**Prompt**.
For this task, output exactly the lines of the material below starting at the line with "Cobertura duplex, sendo" and ending at the line with "Warrior Jesus Lion"; pictures are to be excluded.

**Listed records**.

>>>>

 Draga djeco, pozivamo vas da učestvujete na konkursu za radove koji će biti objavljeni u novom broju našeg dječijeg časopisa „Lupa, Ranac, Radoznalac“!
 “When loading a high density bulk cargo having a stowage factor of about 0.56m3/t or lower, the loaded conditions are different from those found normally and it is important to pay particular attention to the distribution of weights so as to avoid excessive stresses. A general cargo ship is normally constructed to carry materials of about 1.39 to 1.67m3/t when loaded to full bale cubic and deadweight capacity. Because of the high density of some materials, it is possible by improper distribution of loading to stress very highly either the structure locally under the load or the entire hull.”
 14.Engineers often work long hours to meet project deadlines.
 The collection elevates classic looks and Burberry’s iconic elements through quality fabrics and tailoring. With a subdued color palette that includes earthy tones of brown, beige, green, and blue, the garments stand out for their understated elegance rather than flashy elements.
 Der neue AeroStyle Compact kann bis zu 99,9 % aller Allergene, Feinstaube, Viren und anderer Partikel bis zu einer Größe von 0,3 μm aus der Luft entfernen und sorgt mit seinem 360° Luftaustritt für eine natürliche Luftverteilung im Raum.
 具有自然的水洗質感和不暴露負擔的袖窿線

<<<<
>>>>

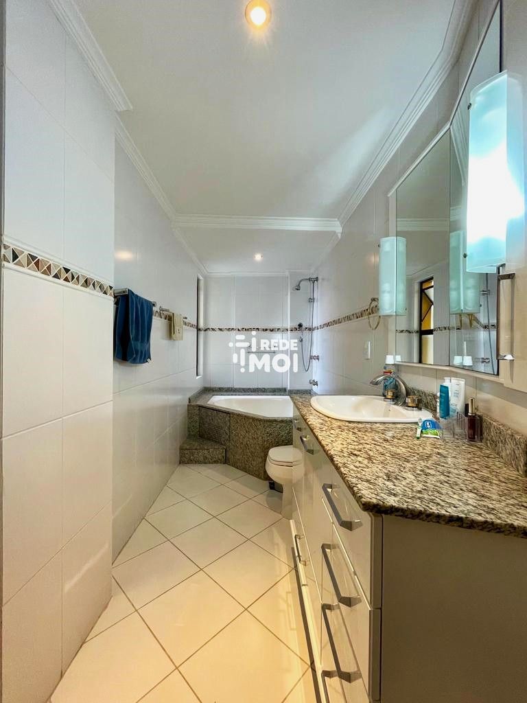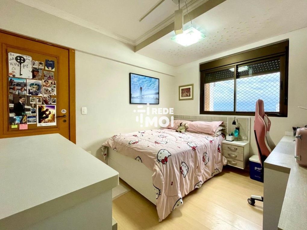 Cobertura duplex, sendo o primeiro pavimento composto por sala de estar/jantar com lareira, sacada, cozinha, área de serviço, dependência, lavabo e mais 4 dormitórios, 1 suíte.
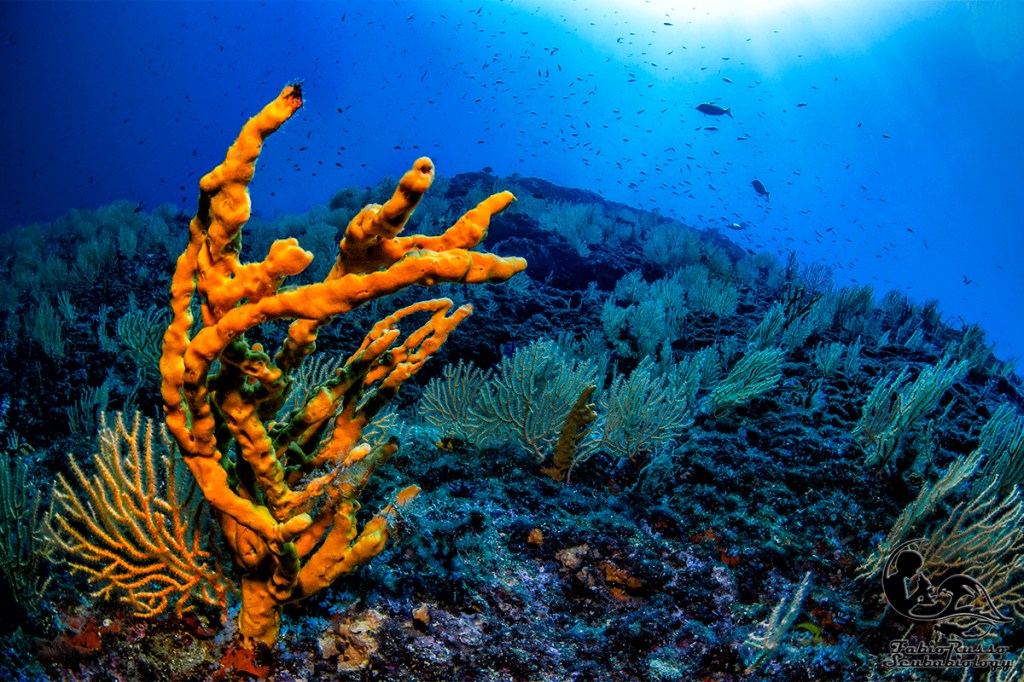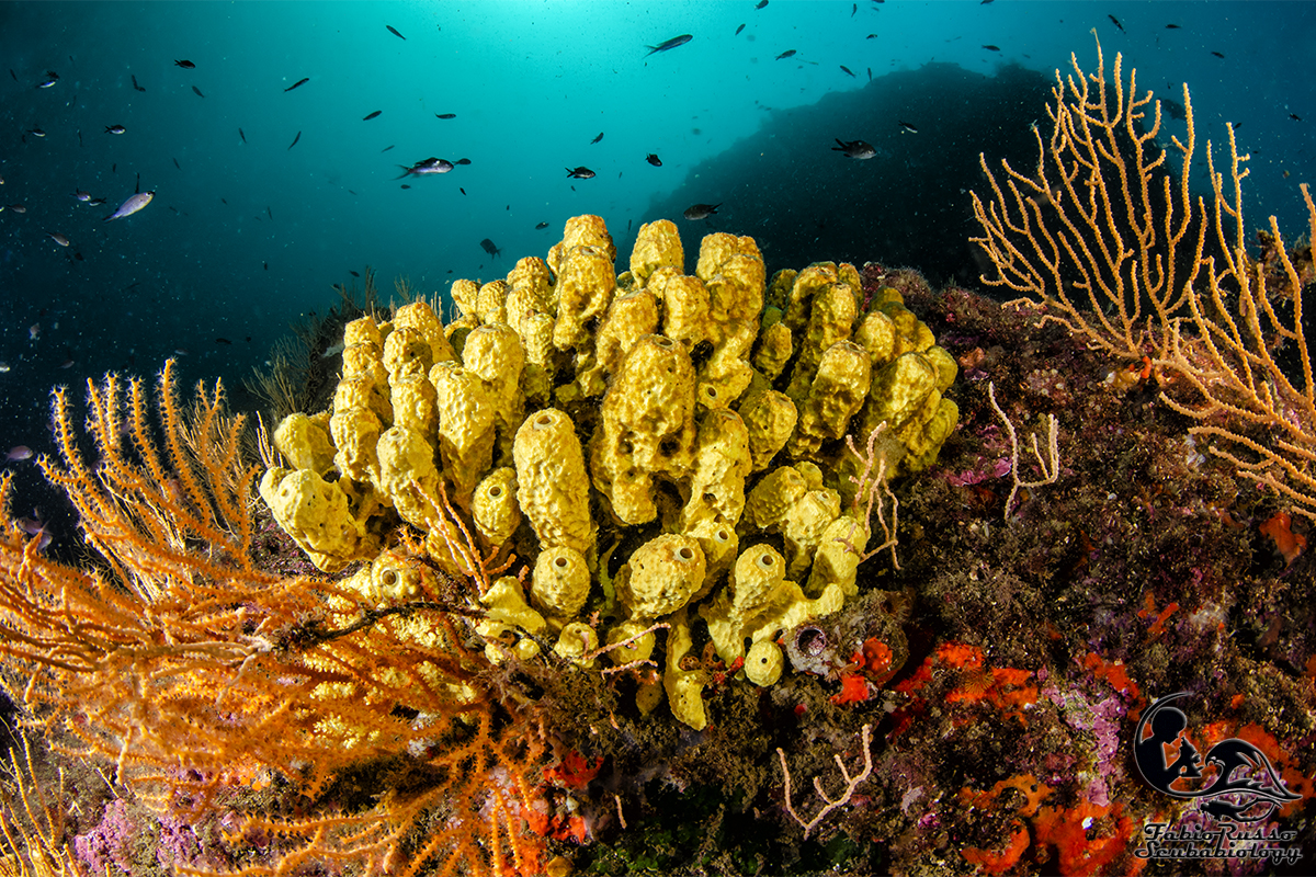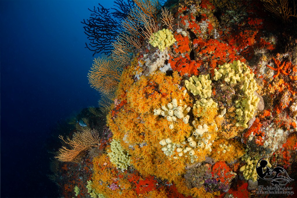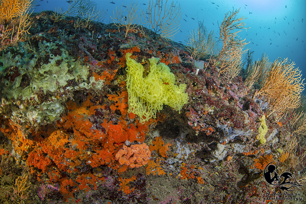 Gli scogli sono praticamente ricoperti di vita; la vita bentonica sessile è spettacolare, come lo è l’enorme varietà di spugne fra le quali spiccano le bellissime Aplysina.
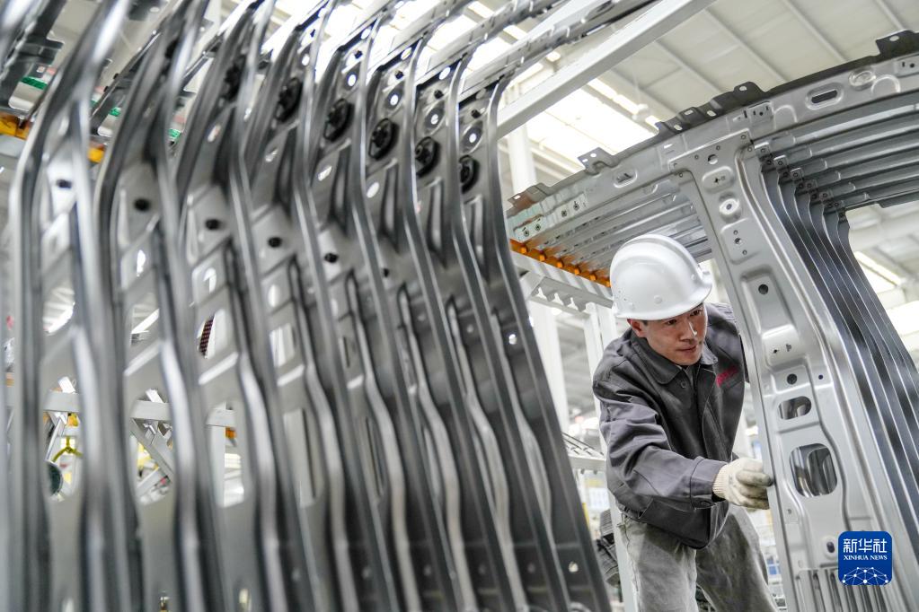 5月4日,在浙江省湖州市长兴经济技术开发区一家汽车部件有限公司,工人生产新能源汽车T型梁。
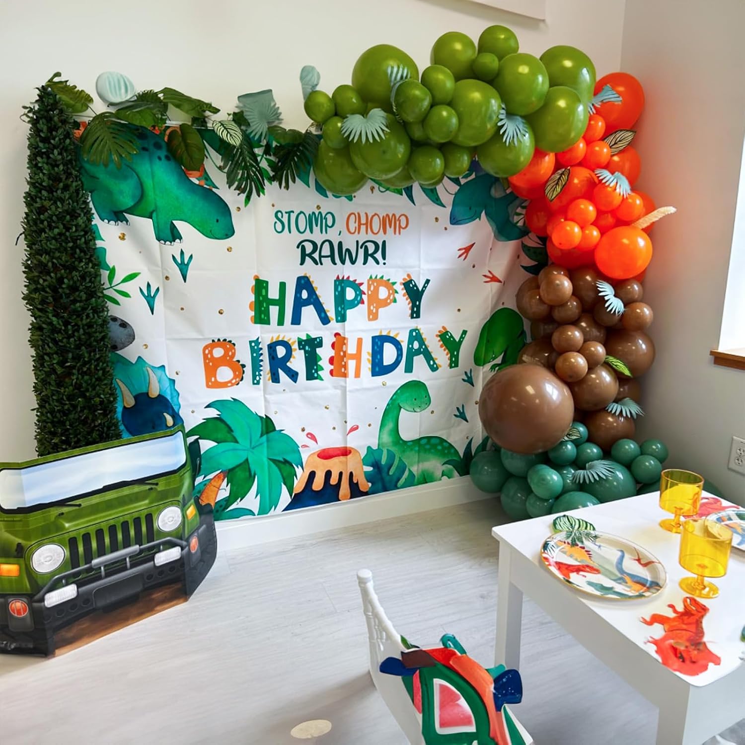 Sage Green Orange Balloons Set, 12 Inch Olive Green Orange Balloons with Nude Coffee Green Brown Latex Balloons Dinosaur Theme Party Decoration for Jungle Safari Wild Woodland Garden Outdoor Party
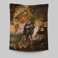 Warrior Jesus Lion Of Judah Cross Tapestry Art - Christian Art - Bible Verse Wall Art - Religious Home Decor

<<<<
>>>>

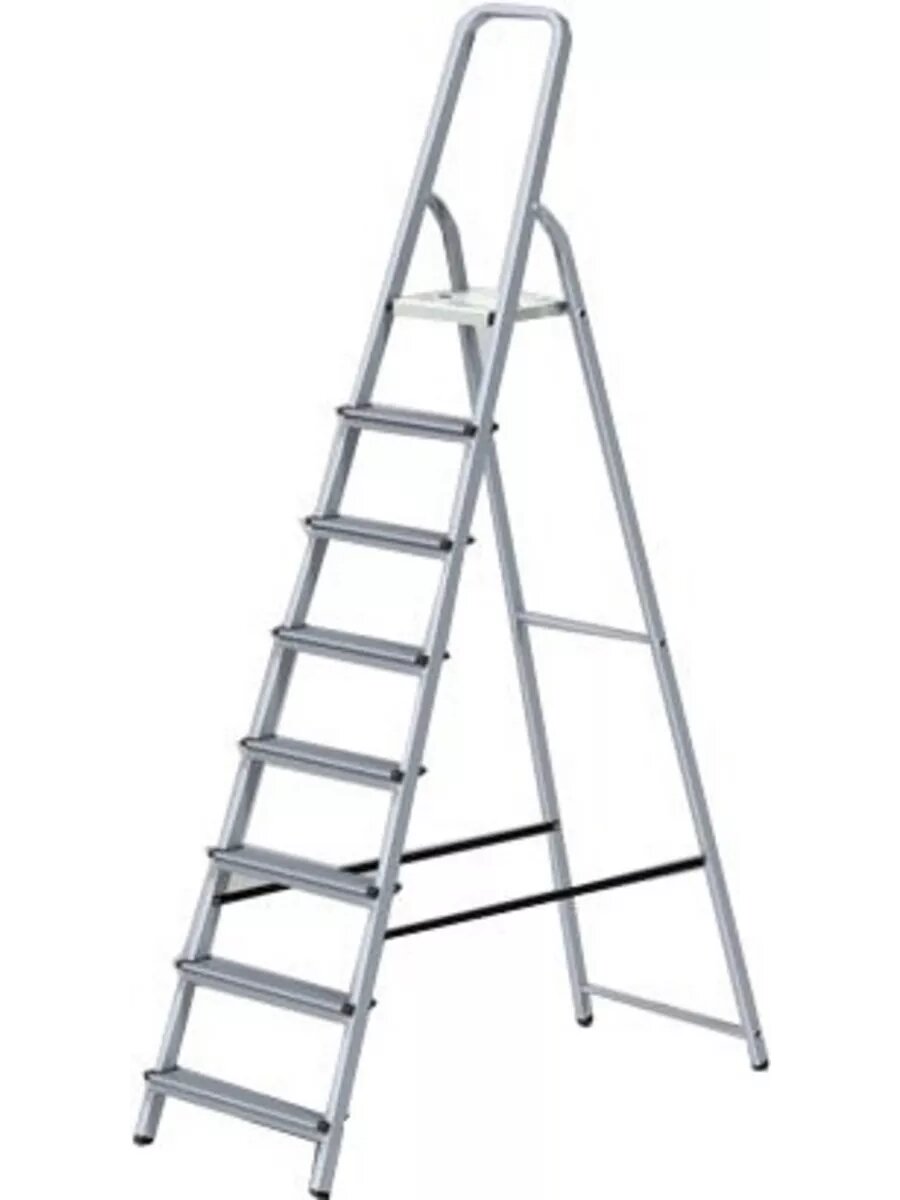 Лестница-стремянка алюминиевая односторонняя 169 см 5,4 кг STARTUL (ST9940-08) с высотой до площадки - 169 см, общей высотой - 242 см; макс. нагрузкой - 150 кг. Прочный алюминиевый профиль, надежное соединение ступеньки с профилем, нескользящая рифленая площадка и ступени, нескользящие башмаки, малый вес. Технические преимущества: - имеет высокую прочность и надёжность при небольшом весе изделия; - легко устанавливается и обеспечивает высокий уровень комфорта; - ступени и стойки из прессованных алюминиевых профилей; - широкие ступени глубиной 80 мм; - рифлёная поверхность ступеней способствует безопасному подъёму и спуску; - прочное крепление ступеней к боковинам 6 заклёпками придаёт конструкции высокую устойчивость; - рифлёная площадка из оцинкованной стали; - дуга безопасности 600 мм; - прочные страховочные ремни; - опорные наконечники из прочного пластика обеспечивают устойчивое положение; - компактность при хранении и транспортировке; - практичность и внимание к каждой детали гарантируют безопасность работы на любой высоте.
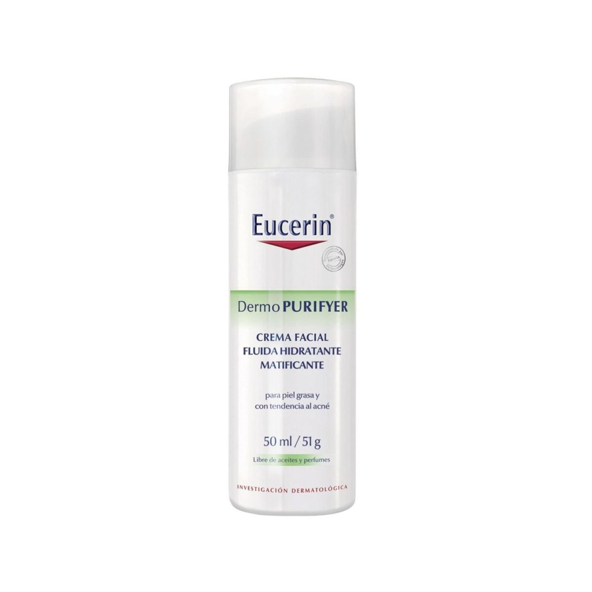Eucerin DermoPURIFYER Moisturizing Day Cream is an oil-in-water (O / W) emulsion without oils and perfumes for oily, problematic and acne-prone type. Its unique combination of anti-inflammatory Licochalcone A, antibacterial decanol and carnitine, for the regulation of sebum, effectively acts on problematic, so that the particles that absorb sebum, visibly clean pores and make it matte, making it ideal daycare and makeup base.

<<<<

**Exercise answer**.
 Cobertura duplex, sendo o primeiro pavimento composto por sala de estar/jantar com lareira, sacada, cozinha, área de serviço, dependência, lavabo e mais 4 dormitórios, 1 suíte.
 Gli scogli sono praticamente ricoperti di vita; la vita bentonica sessile è spettacolare, come lo è l’enorme varietà di spugne fra le quali spiccano le bellissime Aplysina.
 5月4日,在浙江省湖州市长兴经济技术开发区一家汽车部件有限公司,工人生产新能源汽车T型梁。
 Sage Green Orange Balloons Set, 12 Inch Olive Green Orange Balloons with Nude Coffee Green Brown Latex Balloons Dinosaur Theme Party Decoration for Jungle Safari Wild Woodland Garden Outdoor Party
 Warrior Jesus Lion Of Judah Cross Tapestry Art - Christian Art - Bible Verse Wall Art - Religious Home Decor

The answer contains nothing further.